NPA: A Big Win, But a Fight that Shouldn’t Have Happened
 
“This is a big win, but bittersweet for sure. Although it was NPA’s leadership that secured this victory for American consumers, the FDA could have and should have reached this decision years ago. The dietary supplement industry is under attack from all levels of government, from shortsighted organizations pushing for unnecessary and costly new federal red tape to state lawmakers who are determined to block access to supplements and raise costs for consumers and retailers, but NPA’s members had the foresight and commitment to turn the tide,” said Daniel Fabricant, PhD president and CEO of the Natural Products Association.
 
“Citizens petitions and lawsuits are extreme measures and should be the rare exception, not the rule. The industry experienced significant economic harm as a direct result of the Agency’s years long and inexplicable delays on NAC, but thankfully our actions held FDA accountable and forced their hand on issuing final guidance.
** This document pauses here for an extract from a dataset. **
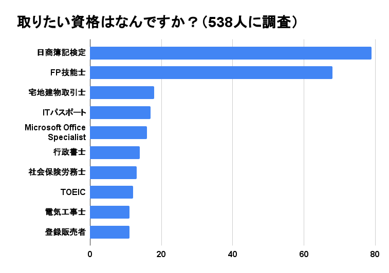 結果は「日商簿記検定」と「FP技能士」と回答した人が圧倒的に多く、3位以下の他資格に大きな差をつけた。
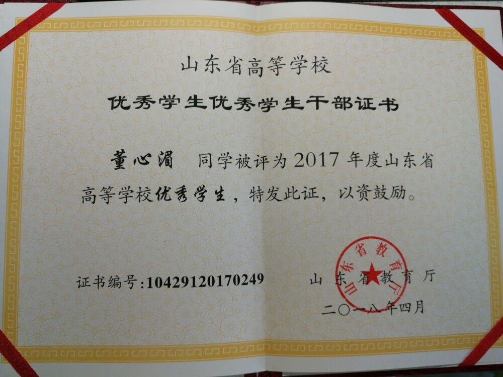 在学习上,她能够做到刻苦扎实,努力向上,近两年来每学期成绩都有所提升。她携带者父母的寄望,每次有厌学心理时,父母的一个电话总能让她瞬间斗力十足。因为她脑海中只有一个信念,让父母过上安定幸福的生活。世上无难事,只要肯攀登,付出终有回报。取得了2018年第二学期平均成绩93.27分,专业排名:1/179;2017-2018学年度全年平均分90.41分,专业排名1/179。两年以来由于表现优异多次获得yl7703永利集团校内优秀“学生干部”、“优秀学生”称号。于2018年04月,获得山东省高等学校优秀学生。同时在学习之余,她考取了大学英语四级证书以及会计初级资格证书,并且积极参加校学术性活动,参与点钞大赛以及法律知识竞赛,并在外研社杯全国英语阅读大赛区选拔赛中获优秀奖。在校期间她认识到计算机在二十一世纪的重要作用,利用课余时间学习计算机方面的知识,最终通过了计算机二级考试。

We hope this is a teachable moment for the agency that expedites resolution on any remaining issues on NAC with FDA and that basic regulatory obligations in the future are handled in the timely and professional manner befitting of the world’s gold standard.”
 
CRN: FDA’s Interpretation of Drug Preclusion is Wrong

 
Throughout the NAC ordeal, CRN has argued that in DSHEA, the intent of the legislation was to protect the regulatory status of any supplement that was legally marketed before its passage in 1994, rendering those supplements immune from the “drug preclusion” clause (even if the ingredient may have been approved as a drug prior). Put simply, the organization contends that dietary supplement ingredients on the market prior to the legislation’s passage are not implicated in drug preclusion.
 
“CRN appreciates FDA providing this final enforcement discretion, but CRN continues to disagree with FDA’s interpretation of the drug preclusion clause that led to the need for this policy in the first place.  Drug preclusion should not apply to NAC,” said Megan Olsen, CRN’s senior vice president and general counsel.
 
“FDA has suggested that it cannot start the rulemaking process under the exclusion to the drug preclusion clause because it is still reviewing the safety of NAC.  FDA has had access to safety information provided by stakeholders at the request of FDA for more than six months, and this ingredient has been sold as a dietary supplement for decades without any safety issues being raised. FDA has had ample time to raise any safety concerns; continuing to stall on the rulemaking at this point just harms businesses and consumers,” Olsen said.
 
“FDA spokespersons have also indicated that rulemaking could take 3 to 5 years – all the more reason why FDA should begin the rulemaking process immediately or provide its reasoning for needing additional safety or other data.  We strongly encourage FDA to explore ways in which rulemaking can be expedited, such as using interim rulemaking authority and providing adequate agency resources to the notice and comment rulemaking process so a final rule can be implemented as quickly as the law allows, without the need for additional extensions or delays by the agency during the rulemaking process.”